= Waldemar von Wrangel =

Swedish baron and soldier

Waldemar Wrangel af Lindeberg (1641–1675) was a Swedish baron (Friherre) and soldier. He was the step-brother of Riksamiral Carl Gustaf Wrangel. Also known as "Wolmar", he was married to Kristina af Vasaborg, the daughter of an illegitimate son of Gustavus Adolphus of Sweden.

Wrangel began his military service at a young age. In the 1650s, as a Rittmeister ("captain") under Karl X Gustav, he took part in a campaign against Denmark. In the time when Karl XI was under age, Wrangel was a direct employee of the royal house. In 1665 he was appointed colonel in a regiment of horse, with which he participated in a campaign against Bremen. In 1667 he was promoted major general.
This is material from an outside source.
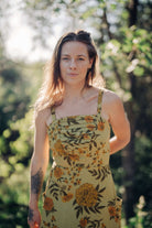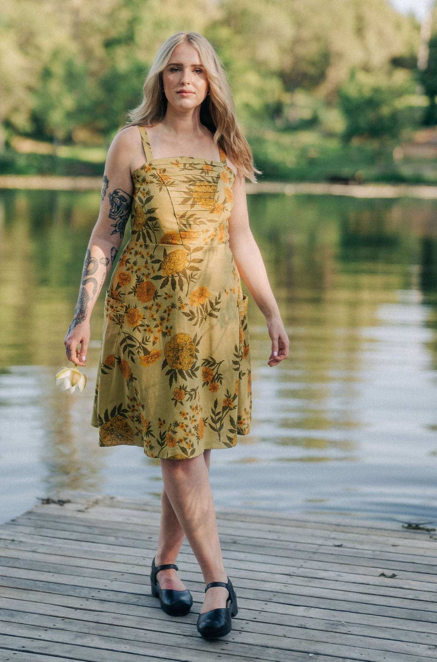 Fabric made in Collaboration with Karalyn Wysocki of Needlebone. Karalyn hand drew and colored the marigolds and we had them printed on to this yummy linen / rayon blend fabric in Los Angeles CA in a small batch and we won't be reprinting! So if you got your eyes on this super special design I would recommend jumping on it while you can.

In the Swedish-Brandenburg War in 1674 he served as a lieutenant general together with his step-brother, who had been Reichsmarschall since 1664. In this war, Wolmar Wrangel was the third highest-ranking officer after the Reichsmarschall and Field Marshal Conrad Mardefelt. Because both the Reichsmarschall and Conrad Mardefelt could not discharge their responsibility on account of ill health, Wolmar Wrangel was de facto the commander-in-chief of the Swedish Army which was defeated in 1675 at the Battle of Fehrbellin.